[INPUT DATA]
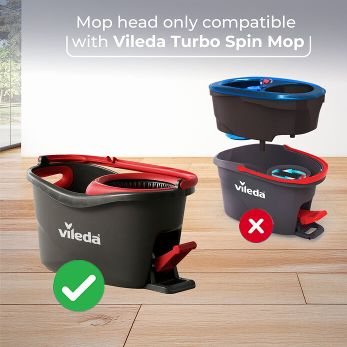 The mop refill is compatible with all Vileda Turbo spin mop systems. Simply pull on the mop strands to unclip the head and replace it by pressing it into the red frame.
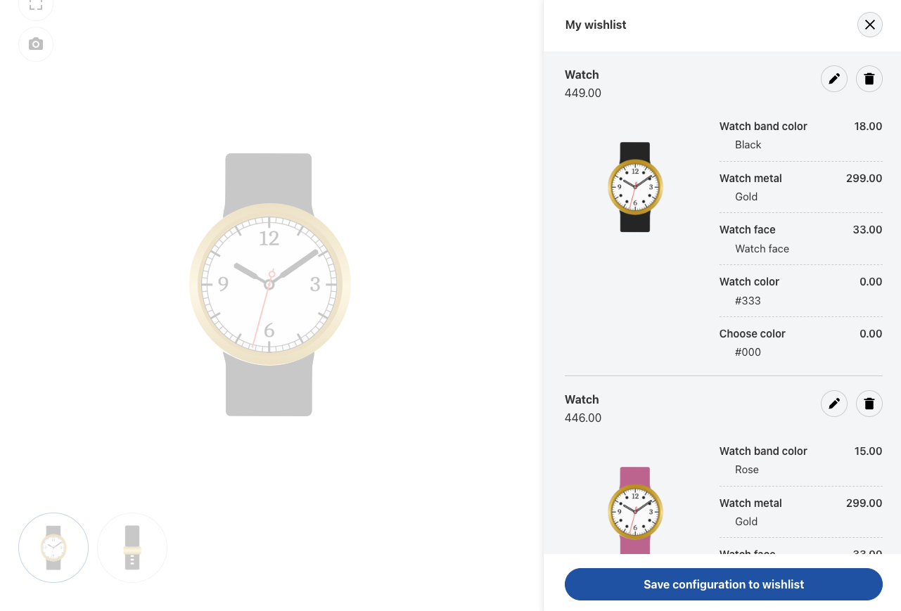 WCB configurator builder has built-in features for share links, wishlist and save for later. Start your 14 day trial period to check out these amazing features for free.
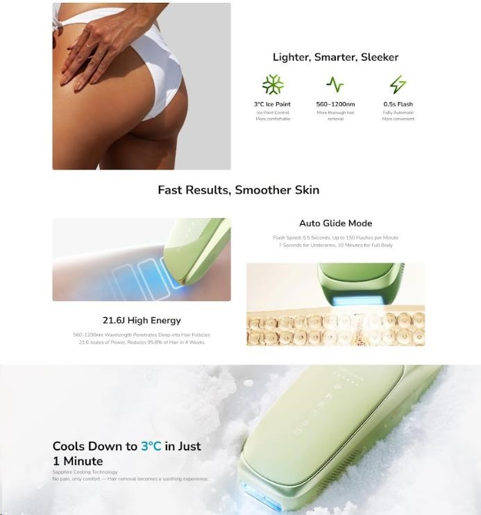 Predstavte si, že už za 4 týždne uvidíte viditeľnú redukciu chlpov a vaša pokožka bude hodvábne hladká. Unikátna chladivá technológia, ktorá udržiava teplotu hlavice na príjemných 10 °C, zabezpečuje naprosto bezbolestné ošetrenie od začiatku do konca. To všetko je zabalené v unikátnom, kompaktnom a ľahkom dizajne (len 286 g), ktorý je inšpirovaný eleganciou starovekých svitkov a je dokonalým spoločníkom na cesty.
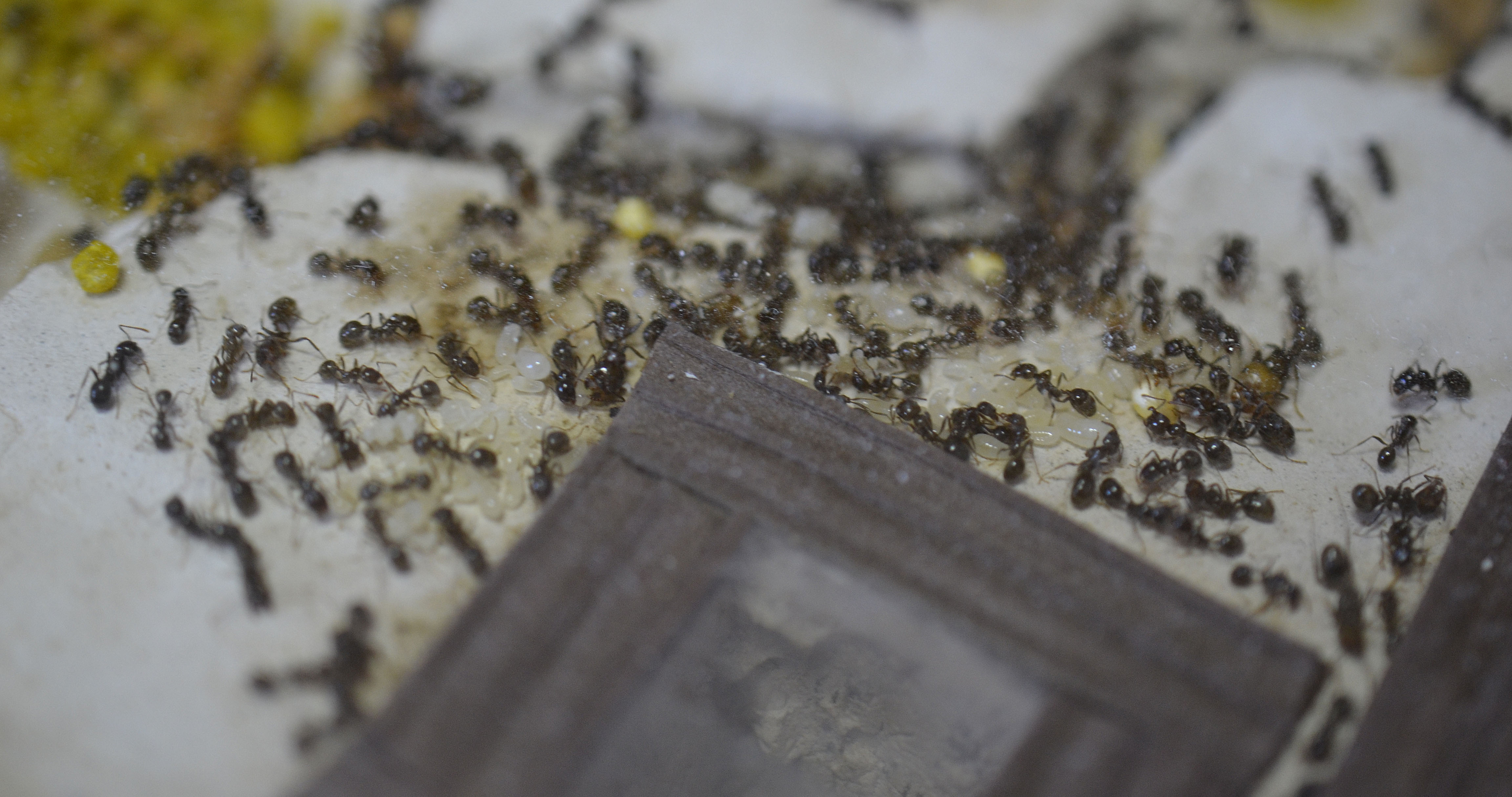 Al contrario delle C. scutellaris accettano ancora proteine (ed anche semi), dimostrando che la regina non ha smesso di deporre e che la colonia sta ancora curando la covata ( ho appunto notato nuove deposizioni in una camera del nido) .

[WHAT THE EXERCISE ASKS]
Once the line holding "WCB configurator builder" is found, copy it and each later line exactly through the end of the data, leaving out the pictures.

[REPLY TO THE EXERCISE]
 WCB configurator builder has built-in features for share links, wishlist and save for later. Start your 14 day trial period to check out these amazing features for free.
 Predstavte si, že už za 4 týždne uvidíte viditeľnú redukciu chlpov a vaša pokožka bude hodvábne hladká. Unikátna chladivá technológia, ktorá udržiava teplotu hlavice na príjemných 10 °C, zabezpečuje naprosto bezbolestné ošetrenie od začiatku do konca. To všetko je zabalené v unikátnom, kompaktnom a ľahkom dizajne (len 286 g), ktorý je inšpirovaný eleganciou starovekých svitkov a je dokonalým spoločníkom na cesty.
 Al contrario delle C. scutellaris accettano ancora proteine (ed anche semi), dimostrando che la regina non ha smesso di deporre e che la colonia sta ancora curando la covata ( ho appunto notato nuove deposizioni in una camera del nido) .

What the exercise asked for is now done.